■ **Problem details**: The listing below should be printed exactly, every line of it. Skip the pictures.

■ **Supplied material**:
------------------------------
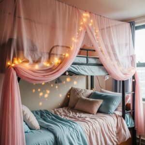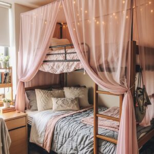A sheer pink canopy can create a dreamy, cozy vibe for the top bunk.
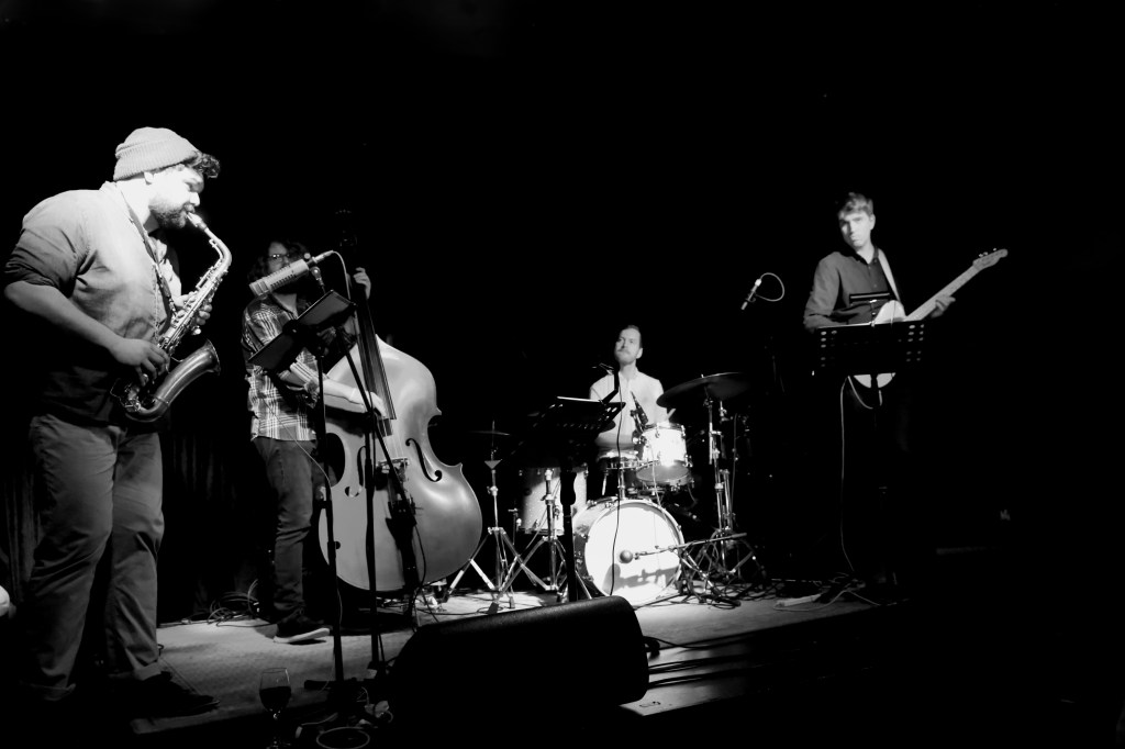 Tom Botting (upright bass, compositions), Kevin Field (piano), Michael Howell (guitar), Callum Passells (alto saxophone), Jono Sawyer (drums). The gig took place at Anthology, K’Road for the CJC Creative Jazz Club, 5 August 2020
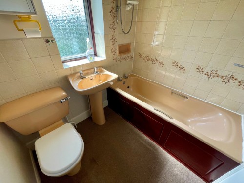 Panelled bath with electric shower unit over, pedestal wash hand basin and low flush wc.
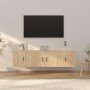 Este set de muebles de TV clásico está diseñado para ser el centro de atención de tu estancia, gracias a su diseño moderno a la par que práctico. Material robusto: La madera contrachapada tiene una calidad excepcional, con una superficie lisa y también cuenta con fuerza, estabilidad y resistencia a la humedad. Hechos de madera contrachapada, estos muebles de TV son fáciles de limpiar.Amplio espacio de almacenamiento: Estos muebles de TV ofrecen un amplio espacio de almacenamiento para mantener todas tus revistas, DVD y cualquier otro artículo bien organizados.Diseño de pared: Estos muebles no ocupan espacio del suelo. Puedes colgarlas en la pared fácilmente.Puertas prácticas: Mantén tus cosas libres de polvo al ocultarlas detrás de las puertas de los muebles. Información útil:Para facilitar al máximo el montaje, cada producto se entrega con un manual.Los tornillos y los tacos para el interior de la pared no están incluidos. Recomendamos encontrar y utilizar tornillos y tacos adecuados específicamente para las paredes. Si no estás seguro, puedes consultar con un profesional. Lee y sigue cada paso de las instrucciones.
------------------------------
■ **Task output**:
A sheer pink canopy can create a dreamy, cozy vibe for the top bunk.
 Tom Botting (upright bass, compositions), Kevin Field (piano), Michael Howell (guitar), Callum Passells (alto saxophone), Jono Sawyer (drums). The gig took place at Anthology, K’Road for the CJC Creative Jazz Club, 5 August 2020
 Panelled bath with electric shower unit over, pedestal wash hand basin and low flush wc.
 Este set de muebles de TV clásico está diseñado para ser el centro de atención de tu estancia, gracias a su diseño moderno a la par que práctico. Material robusto: La madera contrachapada tiene una calidad excepcional, con una superficie lisa y también cuenta con fuerza, estabilidad y resistencia a la humedad. Hechos de madera contrachapada, estos muebles de TV son fáciles de limpiar.Amplio espacio de almacenamiento: Estos muebles de TV ofrecen un amplio espacio de almacenamiento para mantener todas tus revistas, DVD y cualquier otro artículo bien organizados.Diseño de pared: Estos muebles no ocupan espacio del suelo. Puedes colgarlas en la pared fácilmente.Puertas prácticas: Mantén tus cosas libres de polvo al ocultarlas detrás de las puertas de los muebles. Información útil:Para facilitar al máximo el montaje, cada producto se entrega con un manual.Los tornillos y los tacos para el interior de la pared no están incluidos. Recomendamos encontrar y utilizar tornillos y tacos adecuados específicamente para las paredes. Si no estás seguro, puedes consultar con un profesional. Lee y sigue cada paso de las instrucciones.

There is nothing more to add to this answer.